SUPPLIED RECORDS —
··········

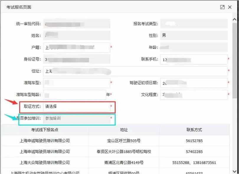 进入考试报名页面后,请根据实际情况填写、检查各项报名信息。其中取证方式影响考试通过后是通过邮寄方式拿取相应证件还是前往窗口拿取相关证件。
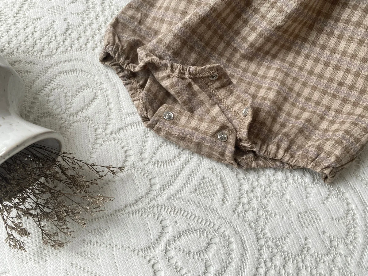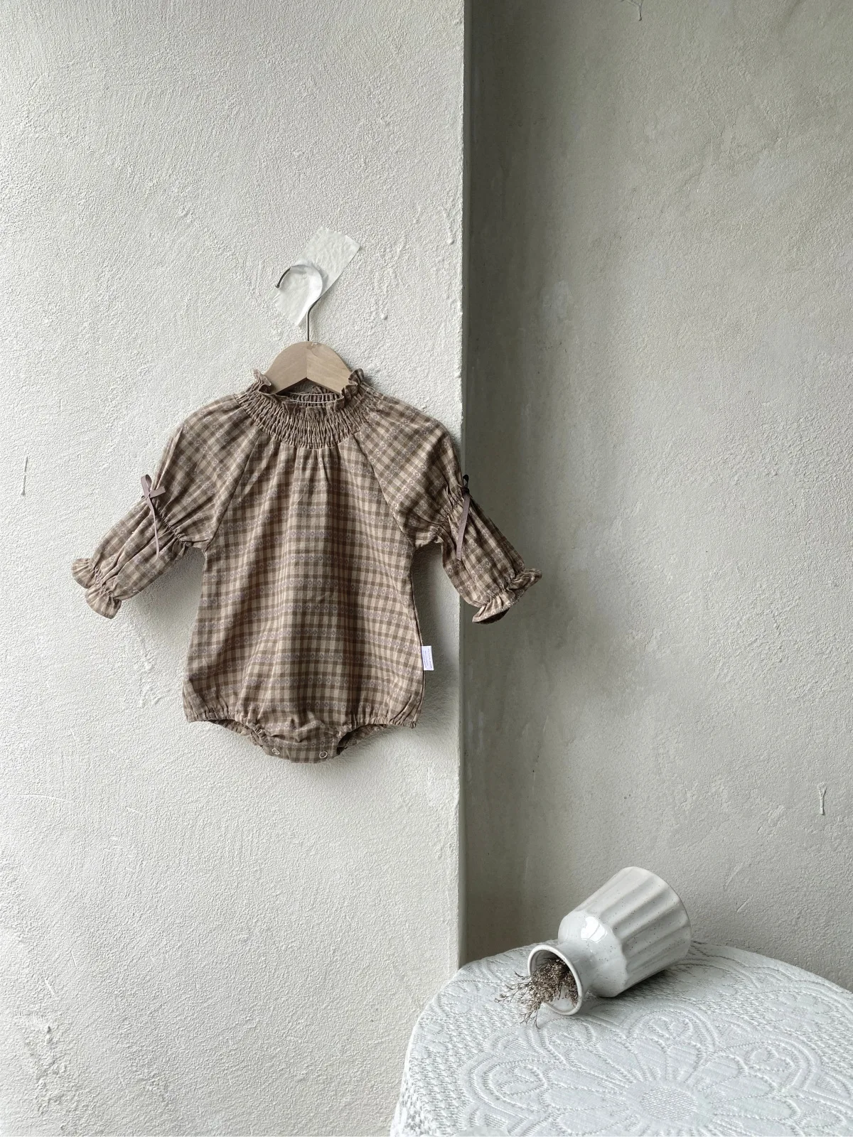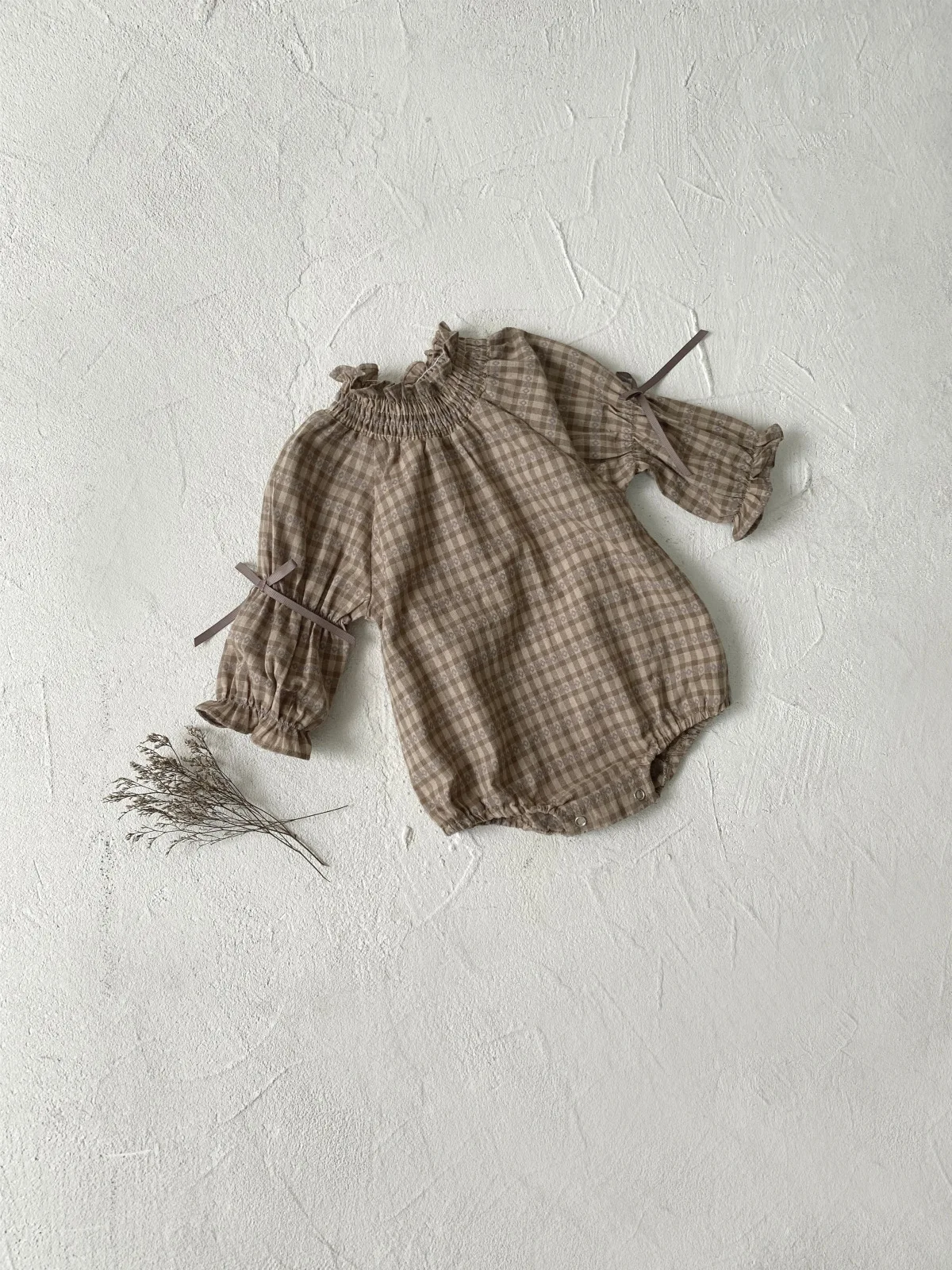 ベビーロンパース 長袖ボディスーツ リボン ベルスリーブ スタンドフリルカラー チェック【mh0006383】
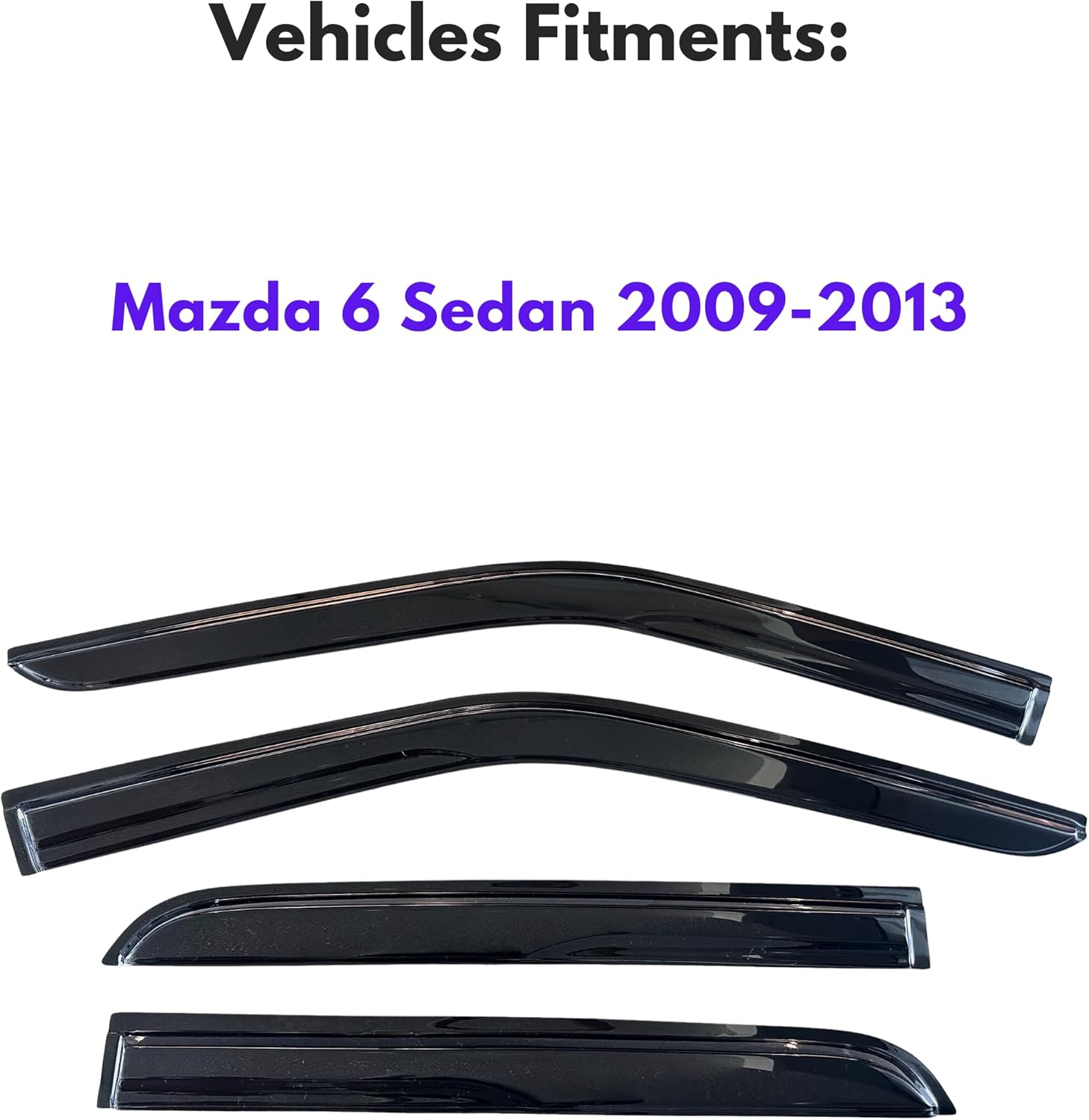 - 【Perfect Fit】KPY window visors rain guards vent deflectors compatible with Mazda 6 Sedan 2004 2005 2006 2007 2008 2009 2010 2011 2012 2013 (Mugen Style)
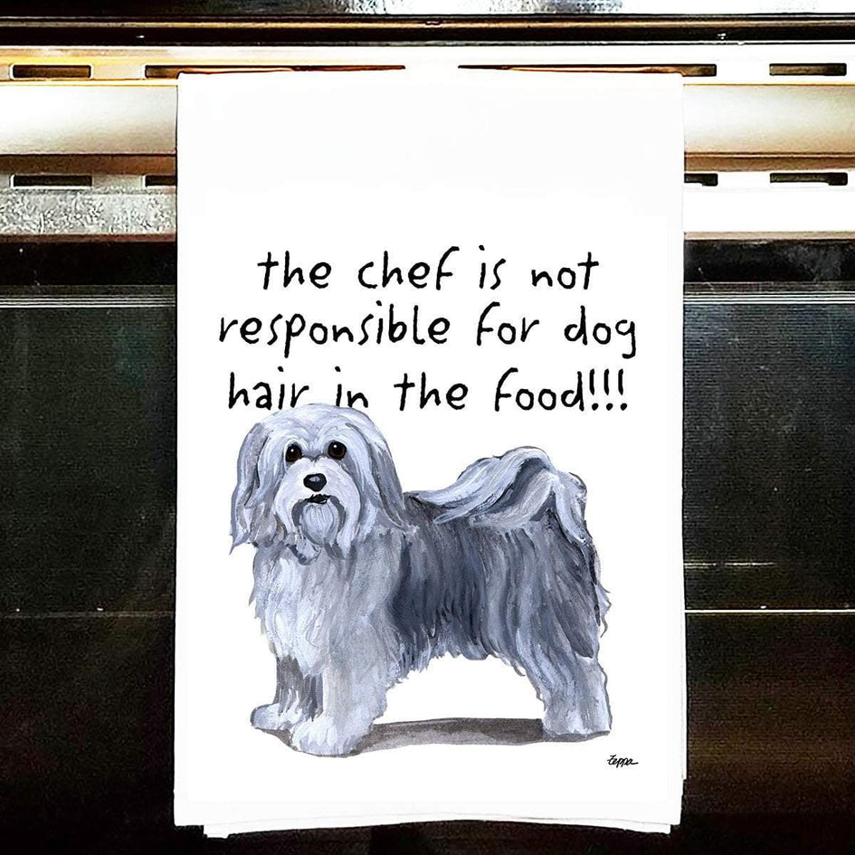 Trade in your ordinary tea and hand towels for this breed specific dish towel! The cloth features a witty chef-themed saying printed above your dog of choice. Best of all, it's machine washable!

··········

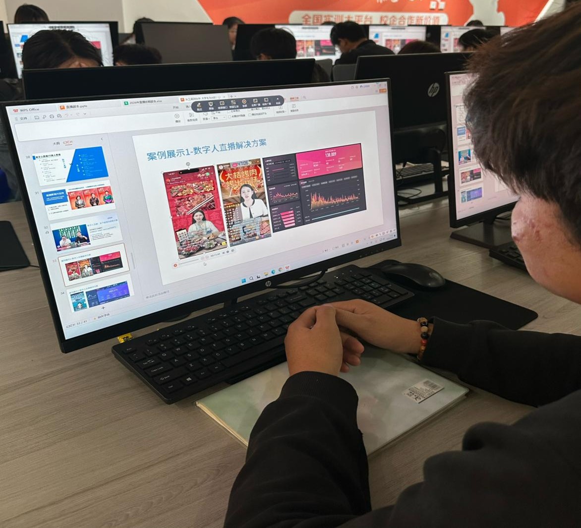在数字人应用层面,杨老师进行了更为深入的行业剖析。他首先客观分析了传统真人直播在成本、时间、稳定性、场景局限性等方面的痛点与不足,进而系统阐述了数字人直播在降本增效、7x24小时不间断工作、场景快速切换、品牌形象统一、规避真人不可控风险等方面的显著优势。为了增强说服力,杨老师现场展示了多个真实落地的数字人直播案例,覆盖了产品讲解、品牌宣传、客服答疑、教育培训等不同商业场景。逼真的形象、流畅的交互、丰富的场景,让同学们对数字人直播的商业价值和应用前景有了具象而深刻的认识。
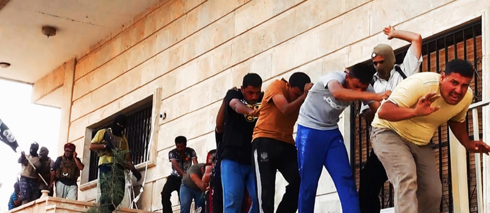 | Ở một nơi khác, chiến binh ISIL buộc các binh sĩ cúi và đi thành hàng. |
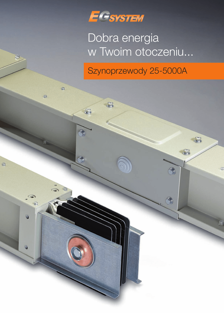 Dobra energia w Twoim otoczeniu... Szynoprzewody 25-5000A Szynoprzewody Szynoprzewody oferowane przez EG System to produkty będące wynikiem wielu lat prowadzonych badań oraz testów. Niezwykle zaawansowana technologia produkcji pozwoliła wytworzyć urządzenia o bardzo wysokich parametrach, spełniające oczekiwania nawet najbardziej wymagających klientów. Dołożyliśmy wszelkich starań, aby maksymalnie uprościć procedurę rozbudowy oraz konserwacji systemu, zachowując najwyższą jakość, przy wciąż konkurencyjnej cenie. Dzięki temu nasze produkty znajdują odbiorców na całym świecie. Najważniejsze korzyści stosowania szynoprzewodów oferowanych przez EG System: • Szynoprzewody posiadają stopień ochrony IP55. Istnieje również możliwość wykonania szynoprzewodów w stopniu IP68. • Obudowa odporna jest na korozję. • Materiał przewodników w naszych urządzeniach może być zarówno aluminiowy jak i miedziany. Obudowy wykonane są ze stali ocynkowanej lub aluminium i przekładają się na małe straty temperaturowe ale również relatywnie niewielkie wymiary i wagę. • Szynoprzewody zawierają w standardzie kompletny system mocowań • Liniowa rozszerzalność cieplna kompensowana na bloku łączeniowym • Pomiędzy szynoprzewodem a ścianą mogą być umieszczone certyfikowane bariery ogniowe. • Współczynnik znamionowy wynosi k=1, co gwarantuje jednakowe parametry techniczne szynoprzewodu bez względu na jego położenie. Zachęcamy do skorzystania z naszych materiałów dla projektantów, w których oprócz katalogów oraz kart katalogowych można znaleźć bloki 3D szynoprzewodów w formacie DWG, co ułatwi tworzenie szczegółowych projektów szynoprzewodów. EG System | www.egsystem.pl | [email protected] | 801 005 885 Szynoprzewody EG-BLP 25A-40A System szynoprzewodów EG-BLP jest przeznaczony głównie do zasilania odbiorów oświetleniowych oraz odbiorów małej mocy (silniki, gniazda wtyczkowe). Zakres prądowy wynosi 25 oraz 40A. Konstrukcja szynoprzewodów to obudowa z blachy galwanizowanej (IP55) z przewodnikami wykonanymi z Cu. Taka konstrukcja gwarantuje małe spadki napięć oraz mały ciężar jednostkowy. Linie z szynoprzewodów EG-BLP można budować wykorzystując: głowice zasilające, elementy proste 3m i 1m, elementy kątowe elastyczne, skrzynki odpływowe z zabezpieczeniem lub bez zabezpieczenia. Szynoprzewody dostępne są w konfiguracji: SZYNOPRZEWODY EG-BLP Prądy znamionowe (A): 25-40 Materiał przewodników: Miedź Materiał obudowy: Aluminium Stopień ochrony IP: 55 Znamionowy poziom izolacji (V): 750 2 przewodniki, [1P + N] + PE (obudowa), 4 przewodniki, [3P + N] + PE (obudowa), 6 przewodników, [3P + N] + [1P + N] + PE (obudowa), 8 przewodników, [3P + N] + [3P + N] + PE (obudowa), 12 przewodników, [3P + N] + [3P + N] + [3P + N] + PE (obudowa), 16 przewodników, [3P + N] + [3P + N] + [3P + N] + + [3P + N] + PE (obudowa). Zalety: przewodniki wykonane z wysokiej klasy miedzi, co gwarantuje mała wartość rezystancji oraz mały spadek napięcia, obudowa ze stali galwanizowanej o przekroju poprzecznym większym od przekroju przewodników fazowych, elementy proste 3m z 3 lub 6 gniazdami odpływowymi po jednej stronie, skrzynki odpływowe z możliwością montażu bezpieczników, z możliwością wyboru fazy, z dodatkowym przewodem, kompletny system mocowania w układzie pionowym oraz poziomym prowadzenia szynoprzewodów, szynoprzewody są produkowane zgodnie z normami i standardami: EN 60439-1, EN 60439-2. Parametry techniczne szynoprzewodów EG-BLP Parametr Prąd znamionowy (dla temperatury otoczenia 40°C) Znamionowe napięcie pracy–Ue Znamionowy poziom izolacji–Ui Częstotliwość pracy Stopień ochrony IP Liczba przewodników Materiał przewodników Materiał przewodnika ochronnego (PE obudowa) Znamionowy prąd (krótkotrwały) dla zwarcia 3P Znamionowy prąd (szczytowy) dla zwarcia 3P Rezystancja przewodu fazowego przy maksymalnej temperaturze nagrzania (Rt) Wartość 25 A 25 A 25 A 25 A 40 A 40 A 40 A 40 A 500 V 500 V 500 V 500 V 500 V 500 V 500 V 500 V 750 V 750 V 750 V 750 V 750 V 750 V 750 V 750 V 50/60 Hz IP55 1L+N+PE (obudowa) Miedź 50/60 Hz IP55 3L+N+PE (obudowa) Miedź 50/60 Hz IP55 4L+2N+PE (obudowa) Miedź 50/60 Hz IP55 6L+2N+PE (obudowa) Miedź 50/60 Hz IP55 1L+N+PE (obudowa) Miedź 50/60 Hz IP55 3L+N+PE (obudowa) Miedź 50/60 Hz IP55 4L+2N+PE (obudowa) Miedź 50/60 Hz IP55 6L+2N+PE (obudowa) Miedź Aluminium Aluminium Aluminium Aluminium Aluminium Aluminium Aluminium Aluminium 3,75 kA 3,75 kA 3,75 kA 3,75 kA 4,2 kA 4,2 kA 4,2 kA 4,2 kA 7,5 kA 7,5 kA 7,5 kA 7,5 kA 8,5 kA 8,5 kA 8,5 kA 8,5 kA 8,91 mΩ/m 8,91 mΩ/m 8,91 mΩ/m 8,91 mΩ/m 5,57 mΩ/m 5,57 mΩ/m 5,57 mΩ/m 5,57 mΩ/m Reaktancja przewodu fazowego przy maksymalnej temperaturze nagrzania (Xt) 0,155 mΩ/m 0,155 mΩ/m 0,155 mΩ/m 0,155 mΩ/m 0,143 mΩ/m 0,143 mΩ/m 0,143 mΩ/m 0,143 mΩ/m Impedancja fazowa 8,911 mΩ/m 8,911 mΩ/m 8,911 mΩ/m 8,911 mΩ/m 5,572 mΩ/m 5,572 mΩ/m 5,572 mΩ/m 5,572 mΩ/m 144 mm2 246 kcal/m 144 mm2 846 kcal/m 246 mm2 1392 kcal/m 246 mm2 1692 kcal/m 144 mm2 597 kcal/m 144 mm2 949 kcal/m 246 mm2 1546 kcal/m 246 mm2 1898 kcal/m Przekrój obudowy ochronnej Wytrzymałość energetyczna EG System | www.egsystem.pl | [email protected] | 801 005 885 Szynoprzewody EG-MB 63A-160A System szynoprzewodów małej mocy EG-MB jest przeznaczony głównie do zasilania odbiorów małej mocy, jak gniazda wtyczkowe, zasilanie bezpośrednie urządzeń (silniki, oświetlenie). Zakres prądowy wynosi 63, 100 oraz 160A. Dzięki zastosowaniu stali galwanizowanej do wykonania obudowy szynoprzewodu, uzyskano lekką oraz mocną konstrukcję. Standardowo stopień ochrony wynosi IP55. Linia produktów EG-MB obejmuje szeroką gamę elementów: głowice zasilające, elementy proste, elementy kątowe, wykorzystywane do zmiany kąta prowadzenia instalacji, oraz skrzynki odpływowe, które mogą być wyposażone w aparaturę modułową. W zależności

··········

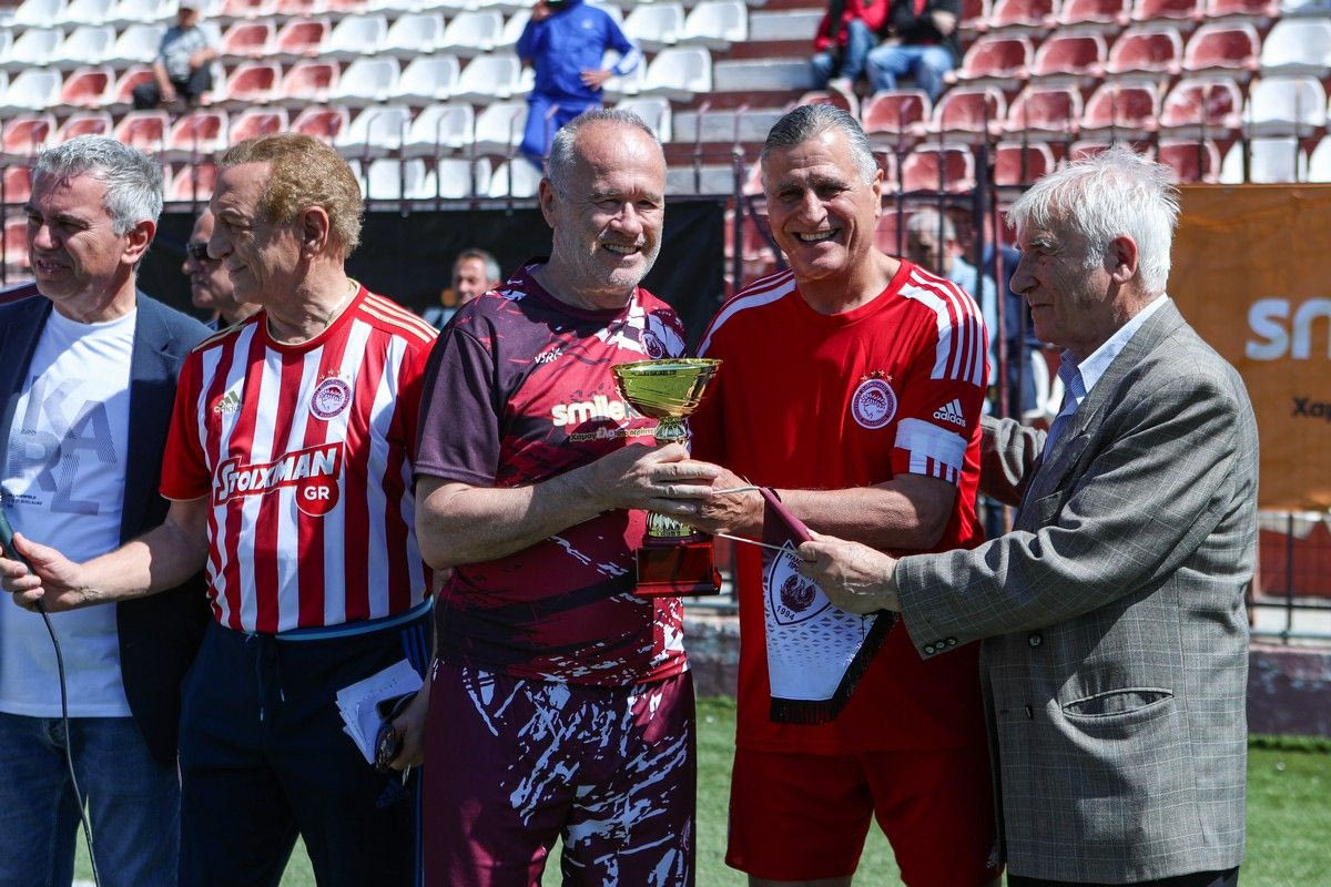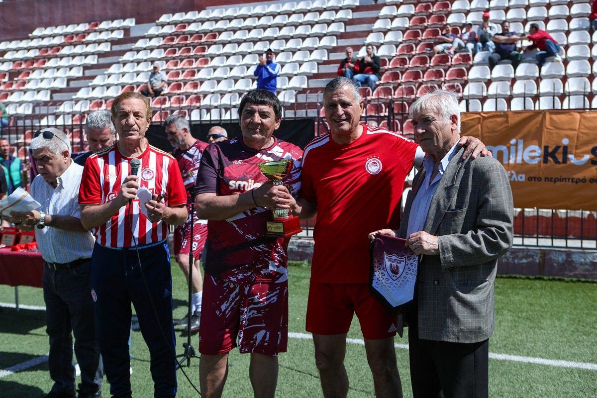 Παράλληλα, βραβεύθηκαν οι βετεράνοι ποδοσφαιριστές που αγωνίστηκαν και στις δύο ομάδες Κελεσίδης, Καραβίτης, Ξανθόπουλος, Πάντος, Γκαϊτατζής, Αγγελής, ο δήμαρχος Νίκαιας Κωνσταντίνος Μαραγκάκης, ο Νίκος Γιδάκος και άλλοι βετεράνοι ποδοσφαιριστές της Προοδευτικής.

··········

TASK INSTRUCTIONS — No picture is to be printed. Output exactly the lines above from the line containing "进入考试报名页面后,请根据实" through the line containing "Trade in your".

RESULT FOR THIS TASK —
 进入考试报名页面后,请根据实际情况填写、检查各项报名信息。其中取证方式影响考试通过后是通过邮寄方式拿取相应证件还是前往窗口拿取相关证件。
 ベビーロンパース 長袖ボディスーツ リボン ベルスリーブ スタンドフリルカラー チェック【mh0006383】
 - 【Perfect Fit】KPY window visors rain guards vent deflectors compatible with Mazda 6 Sedan 2004 2005 2006 2007 2008 2009 2010 2011 2012 2013 (Mugen Style)
 Trade in your ordinary tea and hand towels for this breed specific dish towel! The cloth features a witty chef-themed saying printed above your dog of choice. Best of all, it's machine washable!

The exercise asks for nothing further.